# Bright Colored Arrows



## Techpriest (Nov 30, 2008)

I shoot a 50# compound at 3D events. I do not hunt, never have and never will, so gain nothing by using black and camo arrows. I would rather have bright colored ones that are easier to find when I miss. I found some youth arrows that are bright colors, but none that can be used with my bow.

Anyone know of any bright arrows for adult strength bows? Thanks!


----------



## mdewitt71 (Jul 20, 2005)

Use wraps..........
You can get bright colored wraps on any arrow you want.


----------



## Techpriest (Nov 30, 2008)

Thanks, was hoping for the entire arrow bright since I never know what part will be under the leaves, but this might be my best option.

I think black arrows are part of a conspiracy by the arrow companies to sell more arrows


----------



## BoMaestro (Dec 15, 2005)

The PINK Victory arrows are bright.


----------



## Roskoe (Apr 15, 2007)

I have also had some success painting arrow shafts with a product called Dura Coat. Gloss white is good. It is very tough and doesn't weigh anywhere near as much as wraps. You can also use a good quality spray paint - it just doesn't hold up as well.


----------



## Techpriest (Nov 30, 2008)

I saw the pink ones and was going to show them to my wife. Not sure I can get myself to use pink arrows.

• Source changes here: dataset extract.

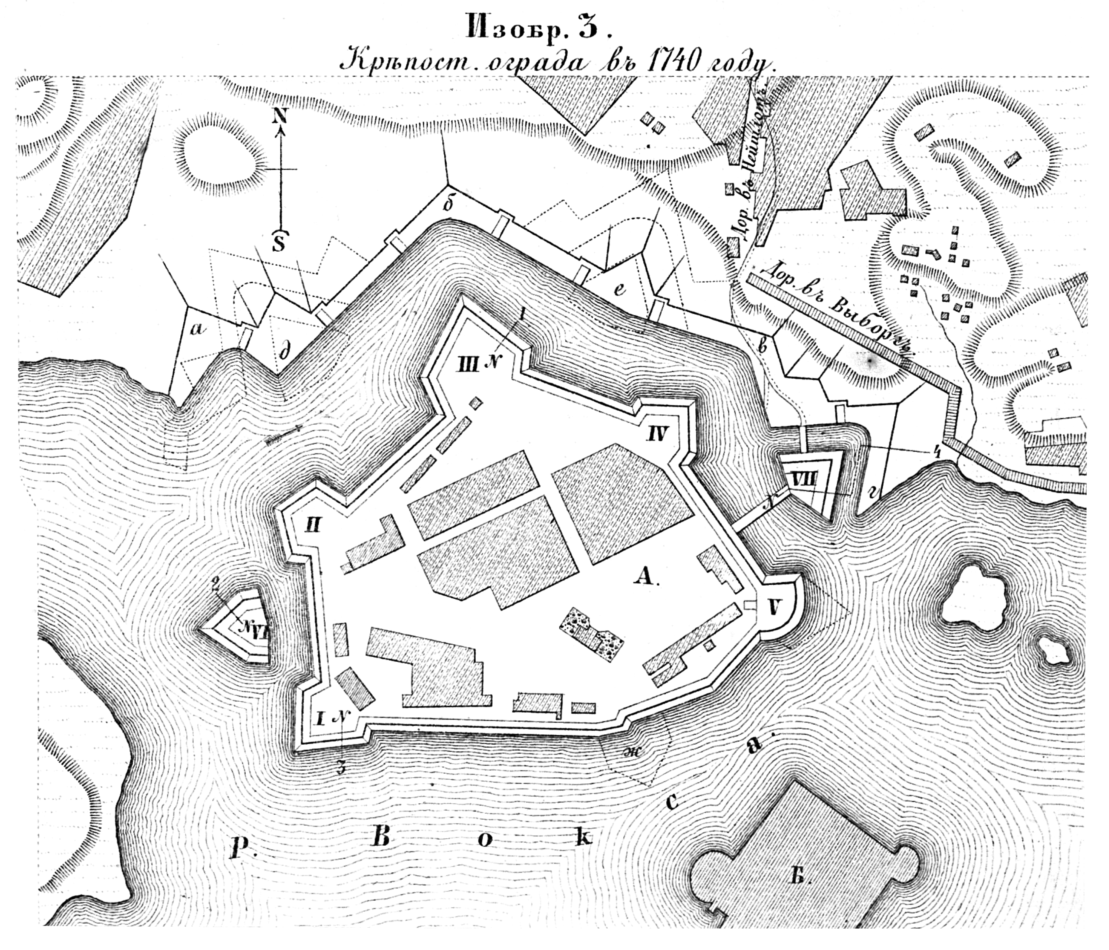 Крепость Кексгольм. Крепостная ограда в 1740 году

I thought of paint, but was afraid it would throw the balance off.
I also thought of tying a bright colored string to the arrow, about 3 foot long. Might have to try that and see if it affects the flight.

I just can't believe that they don't make bright colored target arrows in higher strengths. I really thought I would get a quick reply to this with a brand and part number.

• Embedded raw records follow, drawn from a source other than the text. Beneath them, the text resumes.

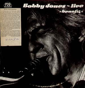 LP , 1973, FDB Records, no.No., DE orig. - very rare Private private pressing, 1 small scratch B2 causes 10 soft ticks, otherwise NM - kl.Kratzer auf B2 macht ca. 10 leichte HIntergrundklicks, sonst prima - cutout of Newspaper article reporting Bobbys death pasted on front-cover / SZ Artikel vom 9.3.1980, indem über über Bobby´s Tod berichtet wird ist vorne aufgeklebt - Moderate ringwear / unten Ringwear, Kanten berieben "Diese Platte wurde von FDB Records unter Berechnung der Materialkosten für Bobby Jones als Lebenshilfe erstellt" Helmut Viertl - According to Joe Viera only 500 pcs made / Lt.Prof. Joe Viera wurden nur 500 Stück davon gepresst.
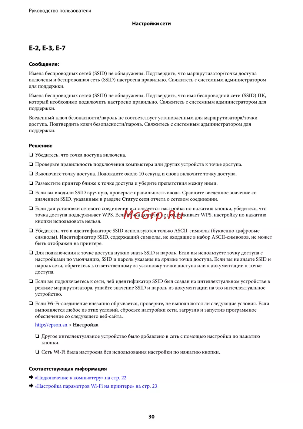 ❏ Если вы вводили SSID вручную, проверьте правильность ввода. Сравните введенное значение со
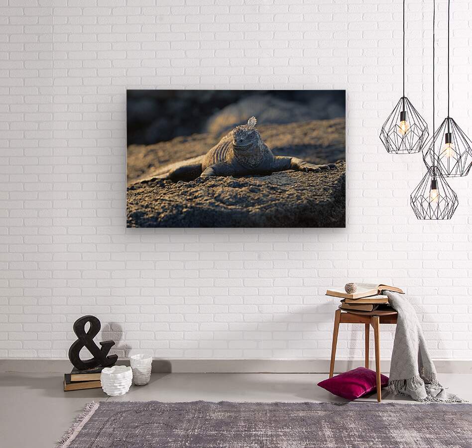 Marine Iguana at sunset Amblyrhynchus cristatus Punta Espinosa Fernandina Island Galapagos Islands Ecuador Picture Frame Printing

With my compound (which has sights) I lose an arrow now and then and can live with it. I would rather use my traditional bow but last time I brought it to a 3D shoot I lost 4 arrows @ $9 a piece.

Thanks for the ideas.


----------



## keyman (Mar 22, 2003)

Techpriest said:


> Thanks, was hoping for the entire arrow bright since I never know what part will be under the leaves,


You live in KS, there are no leaves where you live. 
If someone finds a tree in KS, someone puts a fence around it and calls it a state park.

Use a black arrow and just use wraps and bright vanes. 90% of the time, the back end is what you see sticking out. Work on not missing instead of working on finding bright arrow shafts and accepting mediocracy.


----------



## Techpriest (Nov 30, 2008)

We have prairie grass that is just as capable of eating an arrow as leaves are.

I need new arrows anyway, since I only have 3 left from the last dozen I bought.

If the answer is to not miss, I am going to put my traditional bow away and concentrate on my compound. That single change improves my accuracy immensely.

But I would rather shoot traditional, so I am trying to find a way to do that without having to buy a dozen arrows every other week. If I can do that I will stick with traditional. If not, I am buying a nicer compound and going that way.


----------



## ShezShooter (May 10, 2009)

Easton makes some colored Aluminum arrows.


----------



## keyman (Mar 22, 2003)

Techpriest said:


> We have prairie grass that is just as capable of eating an arrow as leaves are.
> 
> I need new arrows anyway, since I only have 3 left from the last dozen I bought.
> 
> ...


Oh, I didn't know we were talking traditional. I love to shooot mine but not worth a darn at it. No faster than they are, the wraps and colorful arrows should be a huge help. You shoot aluminums out of the traditional bow? 
Just kidding about the trees. You said leaves and I thought I look more in the grass in kansas than I do in the leaves. LOL


----------



## Techpriest (Nov 30, 2008)

Thanks, that might be my best solution. Bright alum arrows and the Arrrow Recover metal detector.


----------



## Techpriest (Nov 30, 2008)

I would like to shoot wood, but that drives the costs out of my comfort range.

Thanks for the help. The Easton arrows are exactly what I was looking for. Looks like under $5 an arrow in a color that will stand out, and the metal detector should have no problem finding 26" of aluminum alloy.


----------



## Techpriest (Nov 30, 2008)

Thought I would report back after a field test for those that might find this thread later.

Bought a dozen Easton "Blues" aluminum arrows. Paid $52 from my local Pro shop. I got them with feathers for use with my traditional bow. In my hand they were every bit as accurate as the $120 a dozen carbon arrows I bought last time. They did look a bit out of place on my bow, a Korean horn bow replica, but I can live with that.

This weekend I took my compound and shot a 15 target range. I was using black carbon arrows with bright orange vanes. I missed 6 times and lost 4 arrows. I shot the same range today. I used my traditional and stood closer, but missed 7 times. I lost 1 of the Easton arrows. And that one could not be helped, I hit the top of a target and the arrow shot almost straight up into tree where we heard it bouncing around the limbs. I looked around, but had no idea where to really concentrate my efforts and gave up on that one. The metallic blue really stood out in the grass or bushes. I spotted the shine of the blue shaft more often than the feathers.

If can keep that kind of recovery rate I am not going to bother with the metal detector.

Thanks a lot ShezShooter, they are exactly what I was looking for and worked better than I was hoping for.


----------